─── Dataset excerpt ───

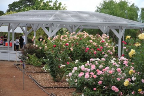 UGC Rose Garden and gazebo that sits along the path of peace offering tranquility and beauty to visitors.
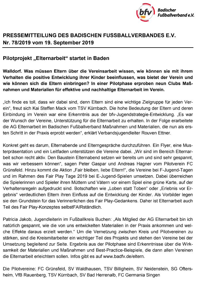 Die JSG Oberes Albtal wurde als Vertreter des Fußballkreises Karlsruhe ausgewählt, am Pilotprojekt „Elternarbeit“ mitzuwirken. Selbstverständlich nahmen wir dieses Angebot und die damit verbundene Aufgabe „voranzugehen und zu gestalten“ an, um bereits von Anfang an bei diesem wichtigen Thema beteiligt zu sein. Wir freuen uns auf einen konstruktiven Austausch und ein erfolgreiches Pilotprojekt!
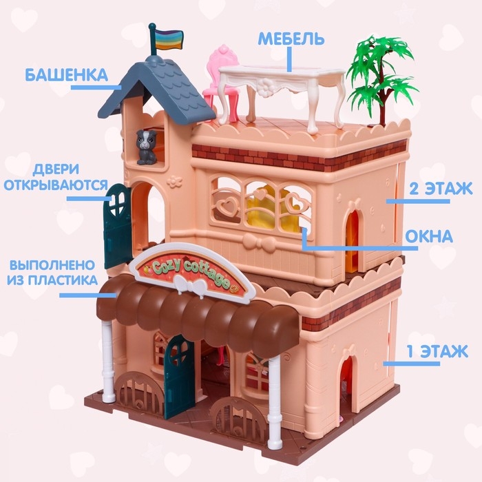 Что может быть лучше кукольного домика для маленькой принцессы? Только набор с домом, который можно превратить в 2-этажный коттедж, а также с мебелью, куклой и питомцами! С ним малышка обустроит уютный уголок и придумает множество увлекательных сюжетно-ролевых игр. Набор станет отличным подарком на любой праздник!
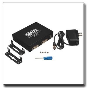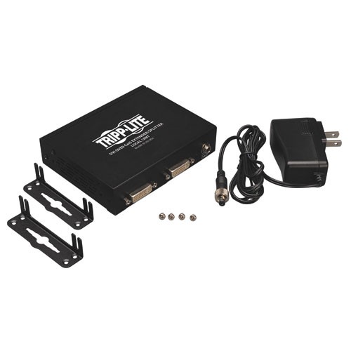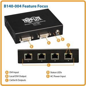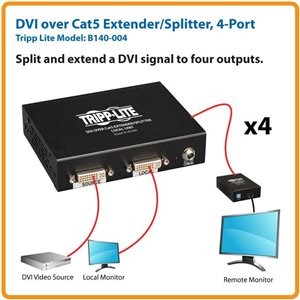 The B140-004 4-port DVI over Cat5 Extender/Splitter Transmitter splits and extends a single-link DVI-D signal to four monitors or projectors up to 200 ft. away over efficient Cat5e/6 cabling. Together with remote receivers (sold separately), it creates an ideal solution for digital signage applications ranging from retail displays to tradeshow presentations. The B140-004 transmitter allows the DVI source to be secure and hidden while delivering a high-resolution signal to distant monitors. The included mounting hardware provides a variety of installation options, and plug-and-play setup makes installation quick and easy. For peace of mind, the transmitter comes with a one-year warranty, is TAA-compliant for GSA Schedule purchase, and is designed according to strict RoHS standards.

───

Work request >>
What you give back must match the material above exactly, minus its pictures.

Result for this task >>
 UGC Rose Garden and gazebo that sits along the path of peace offering tranquility and beauty to visitors.
 Die JSG Oberes Albtal wurde als Vertreter des Fußballkreises Karlsruhe ausgewählt, am Pilotprojekt „Elternarbeit“ mitzuwirken. Selbstverständlich nahmen wir dieses Angebot und die damit verbundene Aufgabe „voranzugehen und zu gestalten“ an, um bereits von Anfang an bei diesem wichtigen Thema beteiligt zu sein. Wir freuen uns auf einen konstruktiven Austausch und ein erfolgreiches Pilotprojekt!
 Что может быть лучше кукольного домика для маленькой принцессы? Только набор с домом, который можно превратить в 2-этажный коттедж, а также с мебелью, куклой и питомцами! С ним малышка обустроит уютный уголок и придумает множество увлекательных сюжетно-ролевых игр. Набор станет отличным подарком на любой праздник!
 The B140-004 4-port DVI over Cat5 Extender/Splitter Transmitter splits and extends a single-link DVI-D signal to four monitors or projectors up to 200 ft. away over efficient Cat5e/6 cabling. Together with remote receivers (sold separately), it creates an ideal solution for digital signage applications ranging from retail displays to tradeshow presentations. The B140-004 transmitter allows the DVI source to be secure and hidden while delivering a high-resolution signal to distant monitors. The included mounting hardware provides a variety of installation options, and plug-and-play setup makes installation quick and easy. For peace of mind, the transmitter comes with a one-year warranty, is TAA-compliant for GSA Schedule purchase, and is designed according to strict RoHS standards.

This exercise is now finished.